Thailand is what I expected and not at all what I expected. This is hard for me to explain, since I'm not sure what I expected, but I do know that I like it here a lot.  I'm located in Khao Lak, the small city that acts as a gateway to some of the best diving in Thailand. It becomes a crazy whirlwind of tourism and diving when the Similian National Park opens on November 1st, but right now it feels like a calm beachfront town. Every day I see more tourist stands, restaurants, and tailoring shops open up in anticipation of the tourist season. The growing energy is almost palpable (never thought I'd use that word in a sentence...) and I'm so excited for things to get rolling!

The first portion of the course is primarily classroom learning. We have to be able to lead group dives, instruct Open Water courses, and work the dive shop, so we'll be honing those skills before we start teaching on the liveaboard trips. I do wish we could get in the water NOW, but I suppose it's important to make sure we have the soft skills before they toss us in the ocean with a group of tourists.

Who is this "we," you ask? Let's do some brief introductions to my fellow Divemasters-in-training:

John, the intrepid mid-30s Australian who left his banking job for a 15-month sabbatical traveling to 17 countries, starting with Thailand. He's a hoot and a half - very sharp and funny. He worked on cruise ships in the Caribbean and Alaska so he's had first-hand experience with the crazy things Americans do. Luckily, he is giving me lots of credit for being from the Bay Area. Yes he's holding a monkey in the photo.

Rhys (left), the youthful Canadian who has taken a break from his electrician studies to do his Divemaster and become more confident in diving without a guide. He's 19 and has gotten 4 tattoos since arriving, since bamboo tattoos heal almost instantly and can still go in the water... one is a tattoo of a mustache on his pointer finger. Actually.
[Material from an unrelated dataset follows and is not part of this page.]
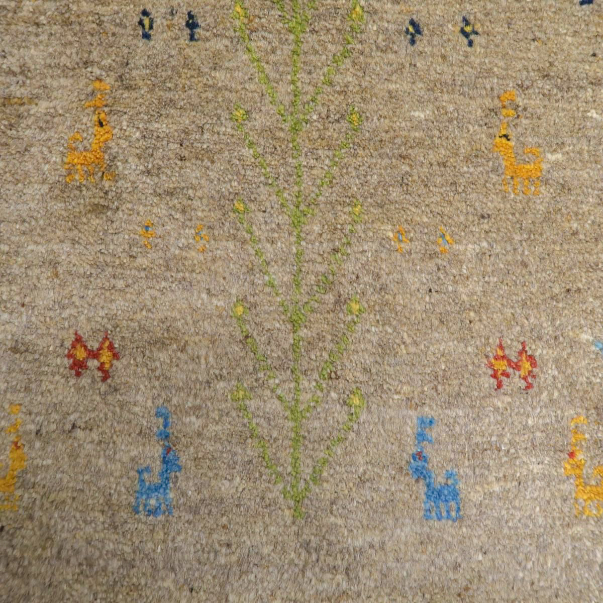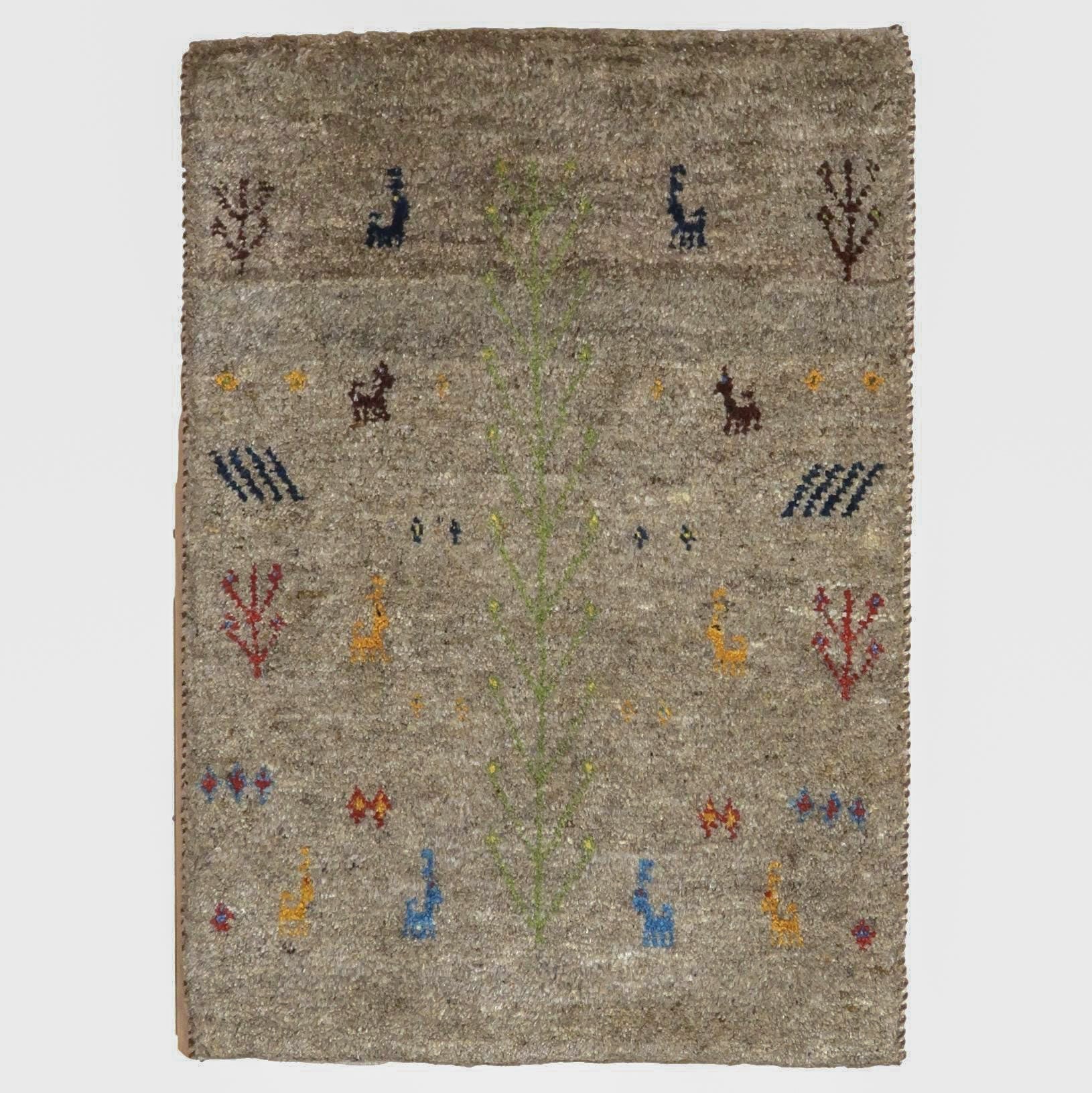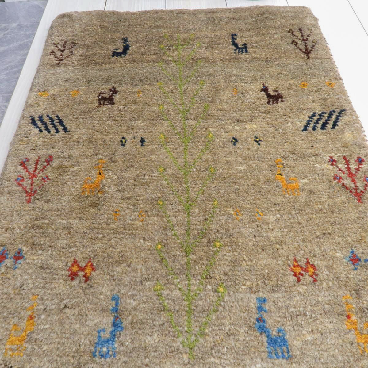落ち着いたベースカラーに、カラフルな動植物などのモチーフがアクセントとなっています。シンプルかつ可愛らしいギャッベです。

George (right), the techie Canadian who left his IT job and is now traveling to dive and possibly transition to divemastering. He's the most experienced diver of our group and has been diving in Montreal rivers most recently, as well as in the Caribbean. He bought a bag of cornflakes that would make Costco patrons jealous, since we have little fridges for milk and fruit in our rooms.

The food has been tasty, spicy, and cheap, which is as expected. I don't think I'm going to get sick of Thai food anytime soon - I'm having a hard time picking which dish I want because they all sound so good. I'm glad I trained myself to eat curry and spicy food though, because they don't mess around with the chili powders and sauces.  Time to study the methods for teaching dive techniques!